Adjusting

So an awful lot has changed since my previous post in a pretty short space of time. When I last posted I talked about our last frozen embryo transfer, subsequent early loss and how we were planning another transfer for October. Sadly this has now changed. It is now looking like another transfer is on hold, possibly indefinitely. There are reasons behind this, but I won’t go into those right now. It was kind of out of our control and we were initially looking at a delay of until Autumn 2020 but now we are facing the decision of whether we want more treatment at all.

To some people it’s a no brainier. “Of course you want another child!” they say. Or “you can’t let Noah be an only child” “Noah’s so cute, you have to give him a brother or sister!”. But the truth is we’re exhausted. Infertility is exhausting. And, let’s face it, bloody expensive. If we could conceive a child like any fertile couple, then it wouldn’t even be a question in our minds. I’d prob be pregnant with baby number 2 already. In fact whilst we’re on this train of thought, if all had gone as planned we’d prob have a 6 year old and a 4 year old by now. But they didn’t and life rarely does.

And, to be honest, I resent some of those comments we’ve received. I resent how they seem to insinuate that only having one child somehow isn’t “acceptable”. That it’s the worst thing in the world for Noah to not have a sibling. But is it? Is it really? He is fed, clothed, looked after and very much loved. Yes there may be a day where he will wish he had a sibling and it’ll make us sad that we may not be able to give him that, but guess what? We will cope. We will help him come to terms with it as we have had to do.

I thought the pain of infertility would end once we had a child. But boy was I wrong. Yes, having Noah makes it a lot easier, but I still feel a massive weight of sadness from what we have been through this year. My brain won’t let me forget that, right now, I should be nearly 15 weeks pregnant but sadly it wasn’t meant to be.

I could live in that space of sadness, wondering if we will ever get to hold a newborn baby ever again, or I could choose to be happy with the life we have now. We are so blessed to have our gorgeous, happy, cheeky boy and I am so excited for what the future has to offer us with him. I can’t wait to watch him grow, learn new things, start school in two years, go on trips, holidays, experience magical Christmases and birthdays…..I want to soak up all the joy and make the most of it whilst he’s still young. I am tired of his childhood being overshadowed by our sadness. We may have another child one day, we may not. But we can’t live in the future or the past, all we have is now.
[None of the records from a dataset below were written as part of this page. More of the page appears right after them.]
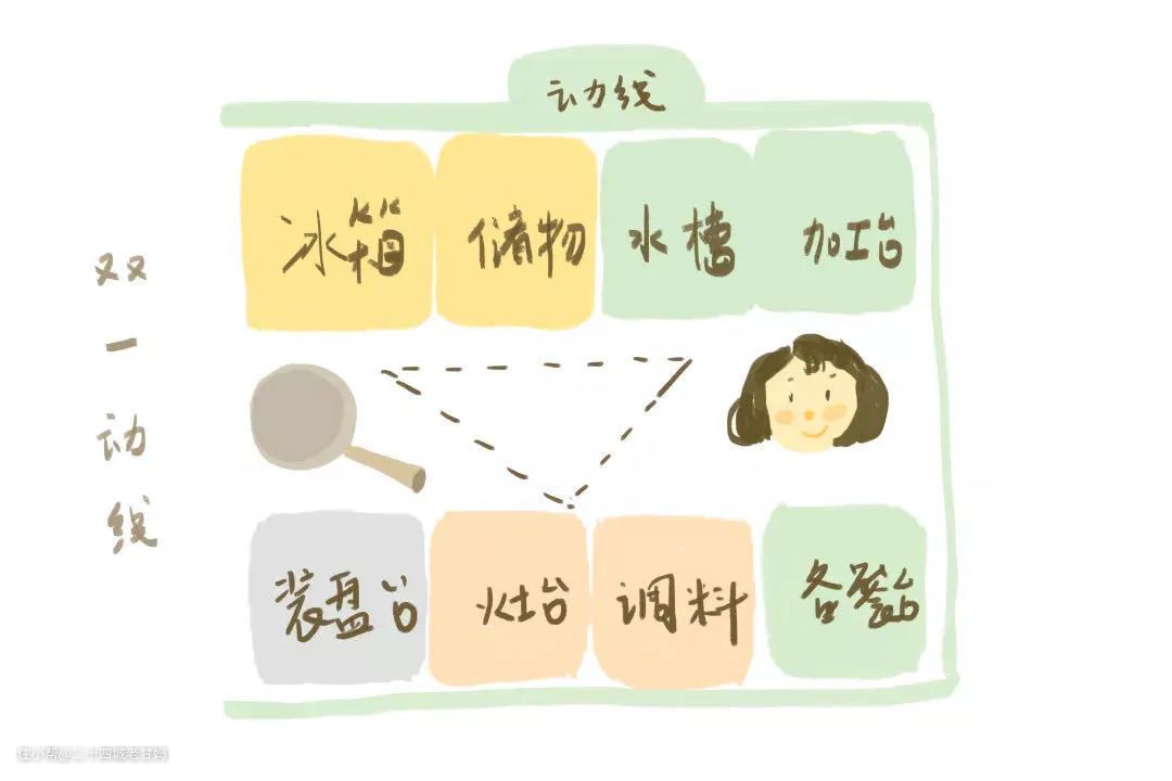 比如做一餐晚饭,要从冰箱里拿出食材—洗菜—切菜—放进盘子里备用—开火炒菜—放调料—出锅—装盘,这就涉及到四个区域:储物区、洗涤区、备餐区、烹饪区。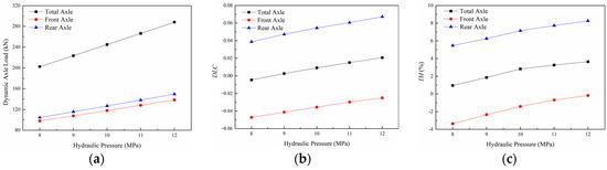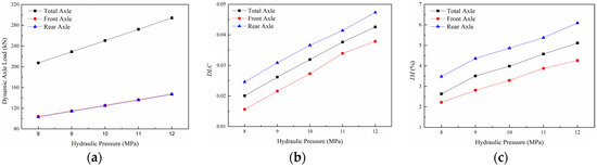 It can be seen from the figure that the dynamic axle load, DLC and IM all increase with the increase of the hydraulic pressure. The total axle load increased from 202.37 kN to 287.87 kN, DLC increased from −0.005 to 0.021, and IM increased from 0.96% to 3.65%. As mentioned above, because the device is affected by the vibration of the device in the curved road section, the force of the hydraulic cylinder in the running state is not as high as that under static conditions, so the dynamic axle load of the device under the condition of 8 MPa is slightly less than the static axle load.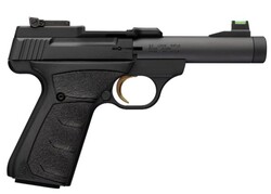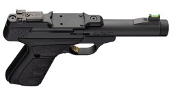 - 2026 SHOT Show Special - 4.4" matte blued bull barrel rimfire pistol features black UFX ambidextrous grips with rubber overmolding, integrated optics base with RMSc footprint, Pro-Target adjustable rear sight, and fiber-optic front sight. Suppressor-ready threaded muzzle.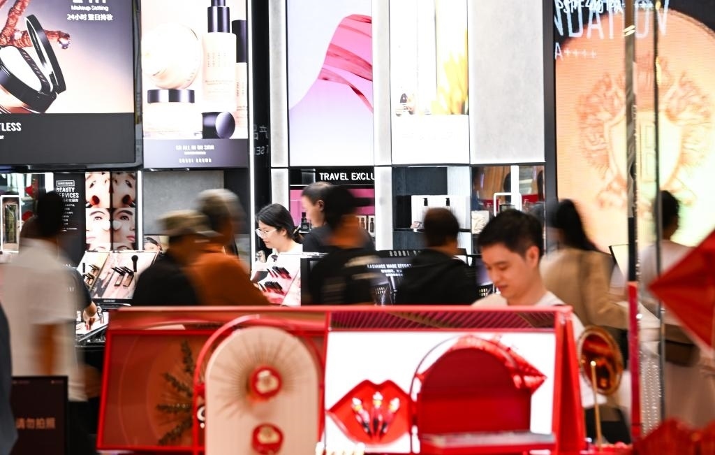 2023年10月28日,消費者在位于海南省??谑械暮?趪H免稅城內(nèi)購物。新華社記者楊冠宇 攝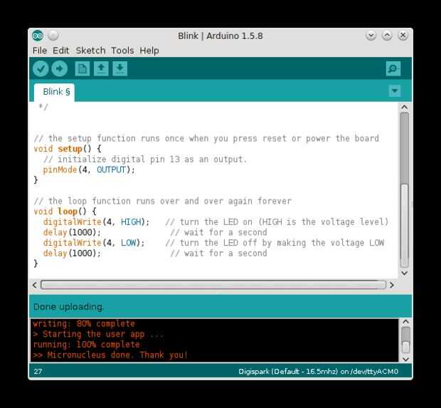 - Usted debe recibir un mensaje de que el bosquejo fue subido con éxito, y el LED empieza a parpadear.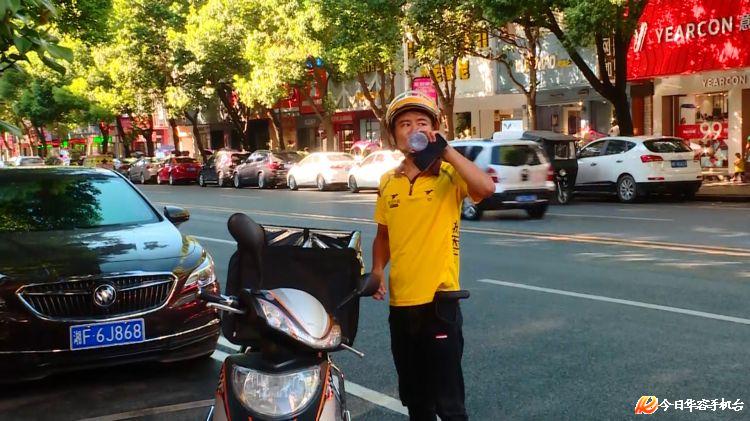 下午4时许,已在旁边蹲守了一段时间的记者发现,不断有环卫工人、装修工人、交警、快递员、外卖骑手等高温下的户外工作者路过,他们打开冰箱,拿取一份解渴食品解渴。

So yes, as the title suggests, I’m adjusting. Adjusting to the likely possibility of life with one child, adjusting to the fact that I may never again carry & birth a child, the fact that Noah will most likely have to grow up an only child. And you know what? I’m ok with it. I have had my dark moments and there may still be more to come but, on the whole, I’m ok. Because I have my little family, a little smaller than intended, but we’re here and we’ve so much to look forward to.